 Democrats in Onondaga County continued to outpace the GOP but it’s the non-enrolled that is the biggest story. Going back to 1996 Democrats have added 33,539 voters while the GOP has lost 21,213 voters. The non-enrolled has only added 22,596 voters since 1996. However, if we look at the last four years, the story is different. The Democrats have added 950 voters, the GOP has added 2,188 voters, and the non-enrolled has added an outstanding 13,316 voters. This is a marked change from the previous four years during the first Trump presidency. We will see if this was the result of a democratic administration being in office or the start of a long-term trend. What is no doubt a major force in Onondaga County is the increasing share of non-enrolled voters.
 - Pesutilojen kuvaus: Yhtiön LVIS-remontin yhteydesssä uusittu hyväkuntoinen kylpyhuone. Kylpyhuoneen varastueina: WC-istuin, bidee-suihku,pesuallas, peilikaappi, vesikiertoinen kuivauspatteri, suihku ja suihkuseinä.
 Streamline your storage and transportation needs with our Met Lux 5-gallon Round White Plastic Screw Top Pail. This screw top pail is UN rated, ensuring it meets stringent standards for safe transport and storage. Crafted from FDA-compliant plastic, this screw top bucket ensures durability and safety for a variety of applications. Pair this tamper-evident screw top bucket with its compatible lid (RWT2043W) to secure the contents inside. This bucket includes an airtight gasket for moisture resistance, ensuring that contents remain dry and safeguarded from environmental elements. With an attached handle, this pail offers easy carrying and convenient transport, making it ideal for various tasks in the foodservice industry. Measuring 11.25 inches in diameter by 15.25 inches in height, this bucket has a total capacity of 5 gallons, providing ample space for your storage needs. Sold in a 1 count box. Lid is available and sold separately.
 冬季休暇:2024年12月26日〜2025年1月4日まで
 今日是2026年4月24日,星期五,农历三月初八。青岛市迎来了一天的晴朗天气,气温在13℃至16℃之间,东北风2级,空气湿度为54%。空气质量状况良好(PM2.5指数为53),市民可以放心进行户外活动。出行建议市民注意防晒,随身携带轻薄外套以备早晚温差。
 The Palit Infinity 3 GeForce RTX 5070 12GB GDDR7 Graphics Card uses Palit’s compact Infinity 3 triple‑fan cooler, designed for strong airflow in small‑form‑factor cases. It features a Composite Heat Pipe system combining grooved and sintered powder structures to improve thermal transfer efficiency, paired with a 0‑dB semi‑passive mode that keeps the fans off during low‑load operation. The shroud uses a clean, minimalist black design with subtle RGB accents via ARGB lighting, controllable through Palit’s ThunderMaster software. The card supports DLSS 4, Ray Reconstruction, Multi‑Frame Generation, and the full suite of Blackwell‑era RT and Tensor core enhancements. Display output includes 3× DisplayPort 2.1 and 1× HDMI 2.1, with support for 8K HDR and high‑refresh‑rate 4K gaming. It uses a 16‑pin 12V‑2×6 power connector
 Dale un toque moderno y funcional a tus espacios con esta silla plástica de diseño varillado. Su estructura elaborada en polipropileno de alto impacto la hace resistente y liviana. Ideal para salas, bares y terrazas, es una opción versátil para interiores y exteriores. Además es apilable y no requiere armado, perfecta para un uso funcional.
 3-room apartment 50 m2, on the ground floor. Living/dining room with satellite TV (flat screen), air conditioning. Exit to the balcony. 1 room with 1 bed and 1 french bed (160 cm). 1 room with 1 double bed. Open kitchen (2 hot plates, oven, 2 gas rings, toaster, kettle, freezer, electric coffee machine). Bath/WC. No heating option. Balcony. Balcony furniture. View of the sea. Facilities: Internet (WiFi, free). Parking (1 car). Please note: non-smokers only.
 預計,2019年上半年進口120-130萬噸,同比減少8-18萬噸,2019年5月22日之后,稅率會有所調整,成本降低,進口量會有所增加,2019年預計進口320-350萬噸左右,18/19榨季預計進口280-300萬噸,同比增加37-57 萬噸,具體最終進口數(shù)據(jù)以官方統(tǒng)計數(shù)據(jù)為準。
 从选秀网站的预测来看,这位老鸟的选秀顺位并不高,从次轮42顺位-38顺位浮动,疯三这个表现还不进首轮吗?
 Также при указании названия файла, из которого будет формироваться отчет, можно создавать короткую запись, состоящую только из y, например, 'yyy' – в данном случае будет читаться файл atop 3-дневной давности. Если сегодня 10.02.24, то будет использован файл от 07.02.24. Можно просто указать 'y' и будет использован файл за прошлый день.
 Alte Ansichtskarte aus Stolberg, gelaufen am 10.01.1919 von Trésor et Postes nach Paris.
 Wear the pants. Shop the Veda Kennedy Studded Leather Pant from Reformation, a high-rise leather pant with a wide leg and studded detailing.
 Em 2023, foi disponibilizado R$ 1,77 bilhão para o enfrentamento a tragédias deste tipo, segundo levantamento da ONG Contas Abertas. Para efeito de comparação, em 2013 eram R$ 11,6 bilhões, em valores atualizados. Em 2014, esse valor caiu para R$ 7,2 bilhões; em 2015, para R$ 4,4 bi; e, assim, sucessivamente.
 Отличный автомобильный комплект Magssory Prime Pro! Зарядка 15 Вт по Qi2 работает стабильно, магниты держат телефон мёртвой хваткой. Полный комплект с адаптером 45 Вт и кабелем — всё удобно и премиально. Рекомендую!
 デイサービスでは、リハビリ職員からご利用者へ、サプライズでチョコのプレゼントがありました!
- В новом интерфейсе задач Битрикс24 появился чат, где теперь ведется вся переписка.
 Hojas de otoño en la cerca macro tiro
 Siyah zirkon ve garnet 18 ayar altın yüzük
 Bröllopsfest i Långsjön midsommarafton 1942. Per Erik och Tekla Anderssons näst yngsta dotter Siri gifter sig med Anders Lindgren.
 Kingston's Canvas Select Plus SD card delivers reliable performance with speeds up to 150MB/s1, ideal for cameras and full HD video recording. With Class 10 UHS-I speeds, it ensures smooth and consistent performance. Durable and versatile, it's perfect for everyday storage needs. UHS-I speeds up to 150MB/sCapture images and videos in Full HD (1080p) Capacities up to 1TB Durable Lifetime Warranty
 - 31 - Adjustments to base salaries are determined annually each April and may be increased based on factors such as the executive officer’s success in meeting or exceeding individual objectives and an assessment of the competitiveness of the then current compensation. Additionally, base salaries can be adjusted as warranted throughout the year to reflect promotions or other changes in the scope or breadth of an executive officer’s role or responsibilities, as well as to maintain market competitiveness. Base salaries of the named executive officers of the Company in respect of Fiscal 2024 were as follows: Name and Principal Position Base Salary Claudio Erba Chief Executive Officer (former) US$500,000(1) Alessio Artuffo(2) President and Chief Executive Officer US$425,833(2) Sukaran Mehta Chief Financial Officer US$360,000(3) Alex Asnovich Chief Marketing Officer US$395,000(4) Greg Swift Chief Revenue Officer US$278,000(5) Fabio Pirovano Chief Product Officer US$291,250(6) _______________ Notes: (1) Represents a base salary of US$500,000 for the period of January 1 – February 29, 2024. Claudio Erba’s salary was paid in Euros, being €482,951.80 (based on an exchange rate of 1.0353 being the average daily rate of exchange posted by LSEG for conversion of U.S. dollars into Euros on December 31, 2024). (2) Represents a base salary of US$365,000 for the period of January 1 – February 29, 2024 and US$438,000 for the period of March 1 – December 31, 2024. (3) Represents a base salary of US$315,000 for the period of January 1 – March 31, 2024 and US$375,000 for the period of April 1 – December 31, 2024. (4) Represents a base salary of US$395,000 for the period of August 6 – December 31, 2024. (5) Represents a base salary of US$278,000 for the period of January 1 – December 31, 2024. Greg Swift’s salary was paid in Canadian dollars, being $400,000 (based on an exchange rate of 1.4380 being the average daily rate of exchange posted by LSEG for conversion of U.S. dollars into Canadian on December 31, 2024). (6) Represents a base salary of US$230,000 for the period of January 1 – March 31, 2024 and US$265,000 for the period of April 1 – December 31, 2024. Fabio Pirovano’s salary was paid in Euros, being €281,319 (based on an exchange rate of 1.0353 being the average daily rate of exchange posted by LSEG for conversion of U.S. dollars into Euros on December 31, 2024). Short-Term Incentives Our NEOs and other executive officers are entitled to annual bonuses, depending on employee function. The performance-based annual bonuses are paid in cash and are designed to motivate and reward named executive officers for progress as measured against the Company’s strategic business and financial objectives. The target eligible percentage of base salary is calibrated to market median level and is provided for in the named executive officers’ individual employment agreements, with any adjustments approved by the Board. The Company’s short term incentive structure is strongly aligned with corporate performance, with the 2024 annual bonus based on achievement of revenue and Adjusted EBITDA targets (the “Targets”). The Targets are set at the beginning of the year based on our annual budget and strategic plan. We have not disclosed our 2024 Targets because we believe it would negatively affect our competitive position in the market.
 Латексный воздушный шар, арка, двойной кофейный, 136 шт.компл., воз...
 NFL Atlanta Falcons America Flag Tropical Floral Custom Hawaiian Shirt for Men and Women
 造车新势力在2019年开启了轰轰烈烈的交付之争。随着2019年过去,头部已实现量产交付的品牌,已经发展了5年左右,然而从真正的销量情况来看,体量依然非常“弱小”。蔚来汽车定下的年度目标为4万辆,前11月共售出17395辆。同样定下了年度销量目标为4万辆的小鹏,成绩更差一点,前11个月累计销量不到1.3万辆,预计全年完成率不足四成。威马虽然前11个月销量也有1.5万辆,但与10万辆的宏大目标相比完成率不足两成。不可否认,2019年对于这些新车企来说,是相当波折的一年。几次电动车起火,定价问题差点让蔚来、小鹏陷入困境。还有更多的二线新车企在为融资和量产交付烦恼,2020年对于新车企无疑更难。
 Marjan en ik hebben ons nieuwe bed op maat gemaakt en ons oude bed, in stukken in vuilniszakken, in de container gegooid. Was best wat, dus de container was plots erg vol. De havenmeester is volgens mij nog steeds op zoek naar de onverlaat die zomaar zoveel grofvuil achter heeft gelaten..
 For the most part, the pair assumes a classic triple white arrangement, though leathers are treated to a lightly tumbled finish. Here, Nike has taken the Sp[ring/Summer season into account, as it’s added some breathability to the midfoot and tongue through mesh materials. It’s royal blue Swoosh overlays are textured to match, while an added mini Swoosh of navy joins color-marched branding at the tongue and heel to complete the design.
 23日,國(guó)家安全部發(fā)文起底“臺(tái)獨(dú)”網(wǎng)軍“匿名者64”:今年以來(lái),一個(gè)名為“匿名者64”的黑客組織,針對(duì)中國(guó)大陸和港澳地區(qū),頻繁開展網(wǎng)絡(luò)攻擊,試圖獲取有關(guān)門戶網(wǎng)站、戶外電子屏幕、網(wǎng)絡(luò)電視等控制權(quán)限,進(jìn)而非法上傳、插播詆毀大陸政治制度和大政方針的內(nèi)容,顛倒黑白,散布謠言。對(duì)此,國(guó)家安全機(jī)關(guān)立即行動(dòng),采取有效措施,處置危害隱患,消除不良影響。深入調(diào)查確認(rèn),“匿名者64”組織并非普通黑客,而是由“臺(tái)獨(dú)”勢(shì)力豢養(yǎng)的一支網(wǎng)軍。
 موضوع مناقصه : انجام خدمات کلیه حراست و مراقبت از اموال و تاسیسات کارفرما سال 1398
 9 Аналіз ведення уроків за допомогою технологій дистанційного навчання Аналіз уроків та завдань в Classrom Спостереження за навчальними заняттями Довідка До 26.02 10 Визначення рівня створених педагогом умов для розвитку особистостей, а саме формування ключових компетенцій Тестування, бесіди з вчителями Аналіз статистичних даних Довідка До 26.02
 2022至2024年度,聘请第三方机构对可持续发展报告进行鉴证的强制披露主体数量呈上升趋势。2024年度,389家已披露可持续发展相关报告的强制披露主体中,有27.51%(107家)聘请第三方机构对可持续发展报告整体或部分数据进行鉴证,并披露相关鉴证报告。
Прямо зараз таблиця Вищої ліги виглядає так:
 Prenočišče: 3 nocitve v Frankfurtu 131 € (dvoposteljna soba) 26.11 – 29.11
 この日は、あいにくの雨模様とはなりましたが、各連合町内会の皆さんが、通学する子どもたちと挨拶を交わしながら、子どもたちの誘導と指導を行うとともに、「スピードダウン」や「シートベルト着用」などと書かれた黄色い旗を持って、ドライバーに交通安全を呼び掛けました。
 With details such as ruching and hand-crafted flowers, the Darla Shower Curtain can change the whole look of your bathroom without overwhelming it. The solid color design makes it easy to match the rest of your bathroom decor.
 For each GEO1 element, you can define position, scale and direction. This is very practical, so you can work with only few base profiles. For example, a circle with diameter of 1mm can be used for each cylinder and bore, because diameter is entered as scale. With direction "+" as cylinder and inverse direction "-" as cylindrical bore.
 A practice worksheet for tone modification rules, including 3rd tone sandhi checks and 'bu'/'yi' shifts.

_DIRECTIONS_
Return exactly, and only, the lines from the start of the listing through the line with "- Pesutilojen kuvaus: Yhtiön".

_RESPONSE_
 Democrats in Onondaga County continued to outpace the GOP but it’s the non-enrolled that is the biggest story. Going back to 1996 Democrats have added 33,539 voters while the GOP has lost 21,213 voters. The non-enrolled has only added 22,596 voters since 1996. However, if we look at the last four years, the story is different. The Democrats have added 950 voters, the GOP has added 2,188 voters, and the non-enrolled has added an outstanding 13,316 voters. This is a marked change from the previous four years during the first Trump presidency. We will see if this was the result of a democratic administration being in office or the start of a long-term trend. What is no doubt a major force in Onondaga County is the increasing share of non-enrolled voters.
 - Pesutilojen kuvaus: Yhtiön LVIS-remontin yhteydesssä uusittu hyväkuntoinen kylpyhuone. Kylpyhuoneen varastueina: WC-istuin, bidee-suihku,pesuallas, peilikaappi, vesikiertoinen kuivauspatteri, suihku ja suihkuseinä.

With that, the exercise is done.